III. Windchill Strategy Considerations
We are implementing a new strategy to capitalize on an Internet-based, business-to-business market opportunity known as Collaborative Product Commerce (CPC). It may be that our assumptions about the CPC market opportunity are wrong, which could adversely affect our results
We have identified CPC as a new market opportunity for us, and have devoted significant resources toward capitalizing on that opportunity. CPC solutions include software and services that utilize Internet technologies to permit employees, customers, suppliers and others to collaboratively develop, build and manage products throughout their entire lifecycle. Because the market for software products that allow companies to collaborate on product information on an enterprise-wide level is newly emerging and because companies have not traditionally linked customers and suppliers in this process directly, we cannot be certain as to the size of this market, whether it will grow, or whether companies will elect to utilize our products rather than attempt to develop applications internally or through other sources.

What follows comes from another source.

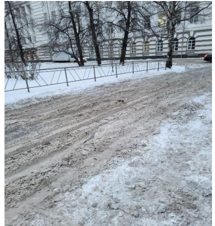
г. Архангельск, просп. Троицкий, 94

In addition, companies that have already invested substantial resources in other methods of sharing product information in the design-through-manufacture process may be reluctant to adopt a new approach that may replace, limit or compete with their existing systems or methods. We expect that we will continue to need to pursue intensive marketing and sales efforts to educate prospective customers about the uses and benefits of our products. Demand for and market acceptance of our products will be affected by the success of these efforts.
Our Windchill software, which is central to our CPC strategy, is relatively new and is not yet well established in the marketplace
The success of our CPC strategy will depend in large part on the ability of our Windchill solutions to meet customer expectations, especially with respect to:
| · | measuring and understanding the benefits of Windchill, including return on investment and value creation; |
| · | full capability, functionality and performance; |
| · | ability to support a large, diverse and geographically dispersed user base; and |
| · | quality and efficiency of the services we perform relating to implementation and customization. |
The software is still relatively new. If our customers cannot successfully deploy large-scale implementation projects or if they determine that we or our partners are unable to accommodate large-scale deployments, our operating results may be affected.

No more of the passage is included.